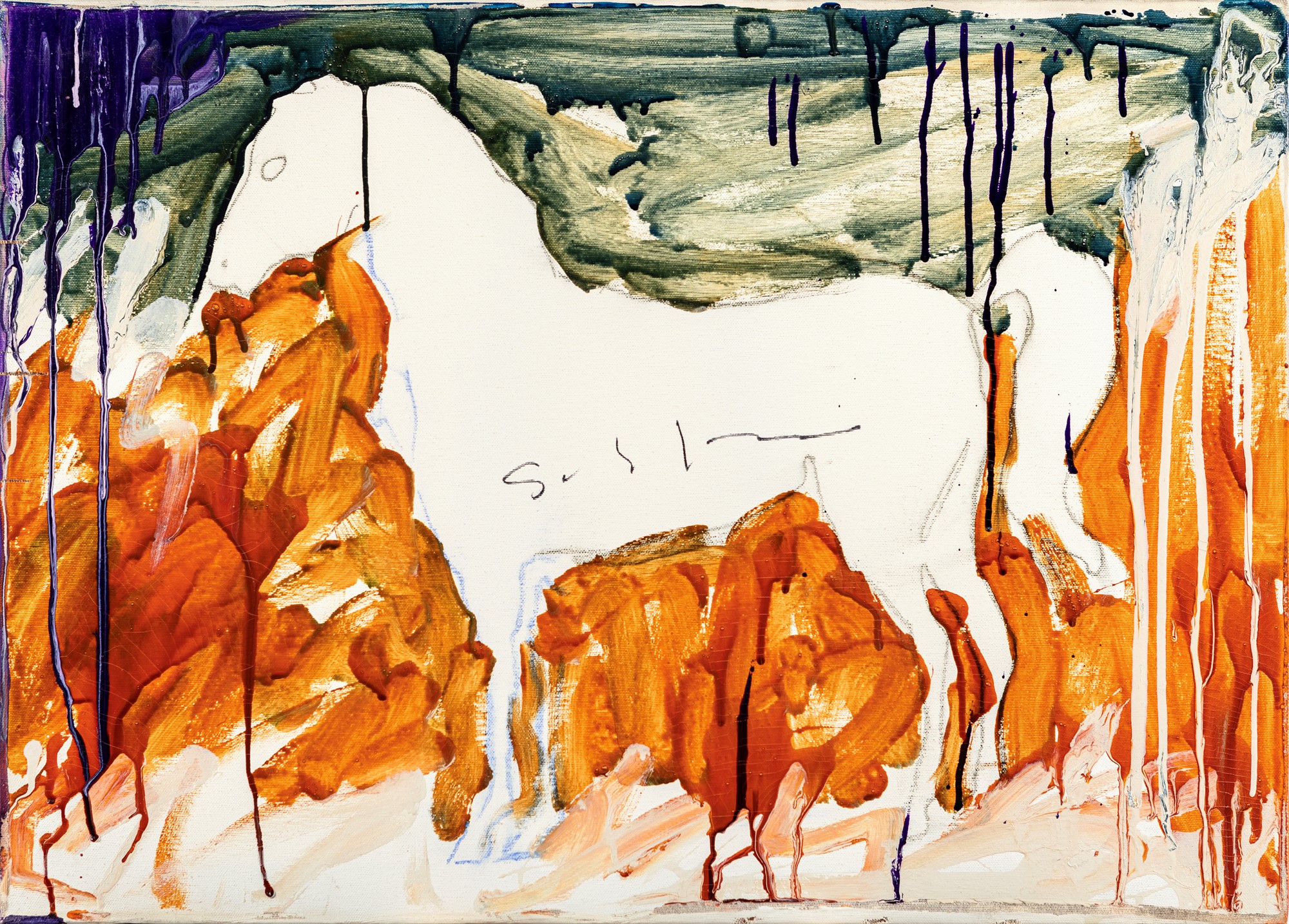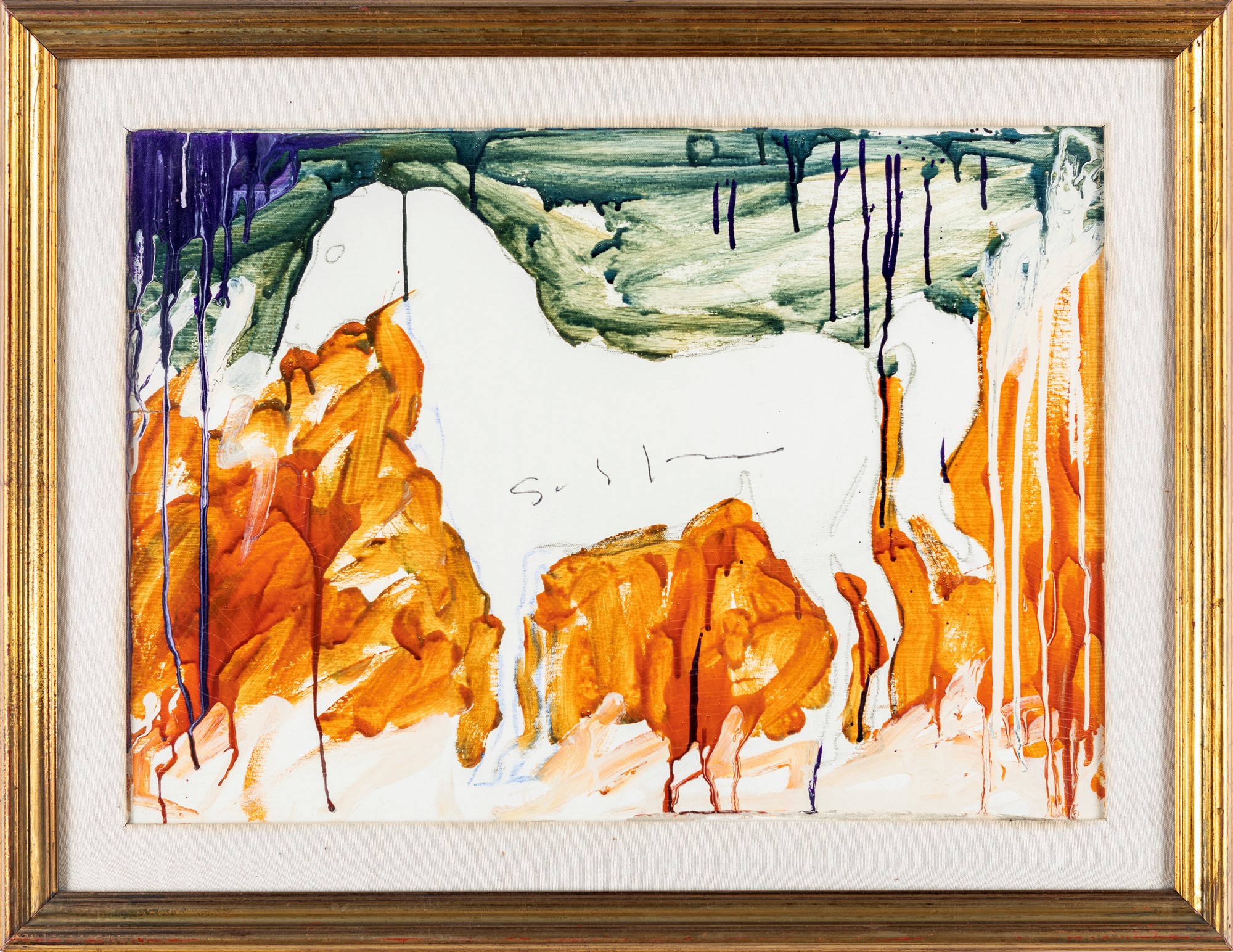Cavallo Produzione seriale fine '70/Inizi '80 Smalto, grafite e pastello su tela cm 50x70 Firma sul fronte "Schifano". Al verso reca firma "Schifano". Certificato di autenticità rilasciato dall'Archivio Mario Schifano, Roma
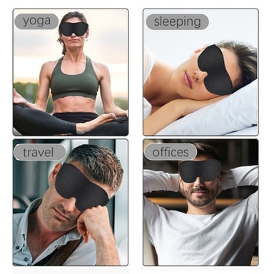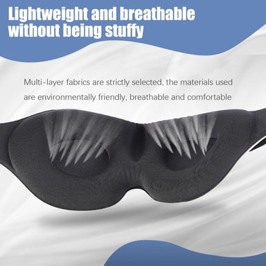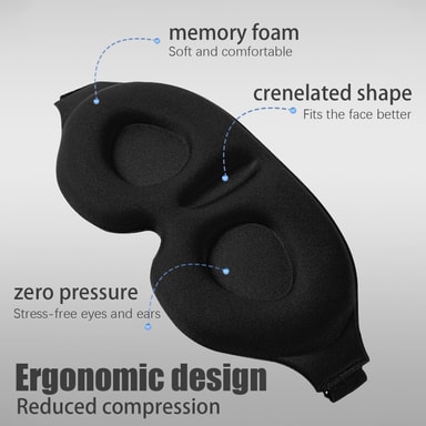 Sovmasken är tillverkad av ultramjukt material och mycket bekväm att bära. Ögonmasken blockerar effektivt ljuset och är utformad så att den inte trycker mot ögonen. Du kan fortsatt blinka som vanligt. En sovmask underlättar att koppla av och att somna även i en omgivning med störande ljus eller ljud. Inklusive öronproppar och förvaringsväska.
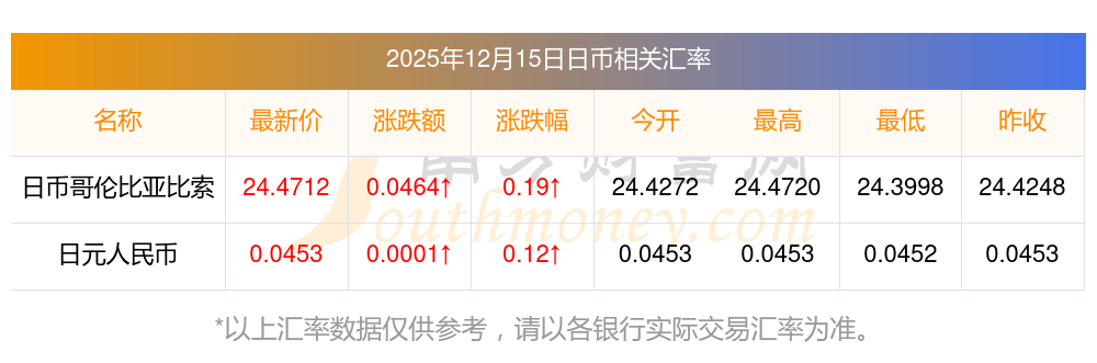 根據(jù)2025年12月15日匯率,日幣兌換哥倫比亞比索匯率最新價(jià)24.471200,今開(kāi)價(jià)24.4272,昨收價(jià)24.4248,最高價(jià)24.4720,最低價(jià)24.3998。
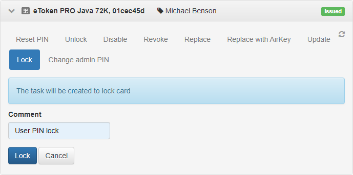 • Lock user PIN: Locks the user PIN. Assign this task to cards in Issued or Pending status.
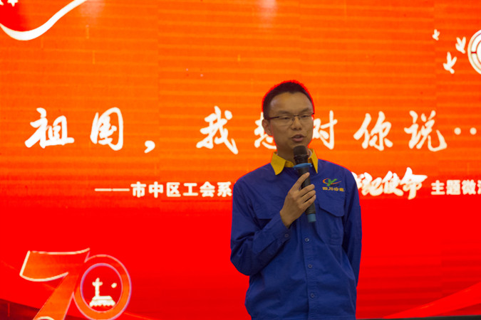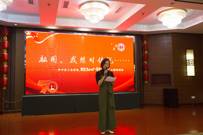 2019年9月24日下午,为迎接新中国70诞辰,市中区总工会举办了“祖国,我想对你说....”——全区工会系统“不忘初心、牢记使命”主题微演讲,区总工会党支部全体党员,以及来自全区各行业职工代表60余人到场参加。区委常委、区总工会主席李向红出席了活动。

□ □ □ □ □ □ □

WHAT IS NEEDED. Nothing but the lines from the line containing "or Pending status." to the end of the records above should be repeated, exactly and with every picture omitted.

COMPLETED TASK.
 • Lock user PIN: Locks the user PIN. Assign this task to cards in Issued or Pending status.
 2019年9月24日下午,为迎接新中国70诞辰,市中区总工会举办了“祖国,我想对你说....”——全区工会系统“不忘初心、牢记使命”主题微演讲,区总工会党支部全体党员,以及来自全区各行业职工代表60余人到场参加。区委常委、区总工会主席李向红出席了活动。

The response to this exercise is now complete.